Иначе. Не так как раньше. В нём уже давно начало бурлить что-то неизвестное. Горячее. Сообщавшее, что он не такой как вчера. Хотелось много еды. И если обычно мечталось о пахнущей, тёплой и шумной. То сейчас могла сгодиться любая.
«Первый», шедший вторым, остановился и присел, чтобы заглянуть в дергающийся глаз «Того», который лежал на ступеньках.
***
Обернулся. Темно. Чердак как чердак. Какие-то трубы. Косая крыша. Несколько окон. Пыль. Грязь. Дальний конец помещения с трудом различим.
— Ну теперь ты, давай, — прошептал Маше, скривившись от боли побитого тела.
— Да, — вздохнула.
Растерянно поглядела вниз на лестницу. Там уже виднелись вполне понятные тени. Шорканье. Возня. Хрип.
Они шли.
Подбирались.
Но почему-то медленно. Как будто тоже опасались чего-то. Или не понимали, как подниматься по лестницам?

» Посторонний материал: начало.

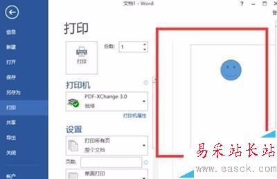 3、接著我們再點擊“文件”選項命令,在文件選項命令窗口中,將選項卡切換到“打印”。在打印預覽窗口并沒有看到我們插入的圖形。

Женщина попробовала забраться на перила как Саша. Но не получалось. Тогда она на них села. Взялась за дверную ручку. Покрутилась на месте, пытаясь безопасно закинуть ногу под себя и встать. Но всё время чего-то не хватало, чтобы довести дело до конца.
— Что ты делаешь? — удивился Саша.
— Просто не хочу свалиться назад.
— Но ты так не залезешь. Делай как я.
— Да не могу я как ты, — зло прошептала. — Меня никто не поддерживает. У меня уже с равновесием плохо.
— И что ты молчала?
— А что я знала что ли? — Саше показалось, что его напарница по спасению готова расплакаться.
Растерялась. И паникует. Сил держаться не хватает.
***
Такой же.
Лежал и дёргал глазом.
Пах едой.
Ещё один Такой же начал поедать Такого же.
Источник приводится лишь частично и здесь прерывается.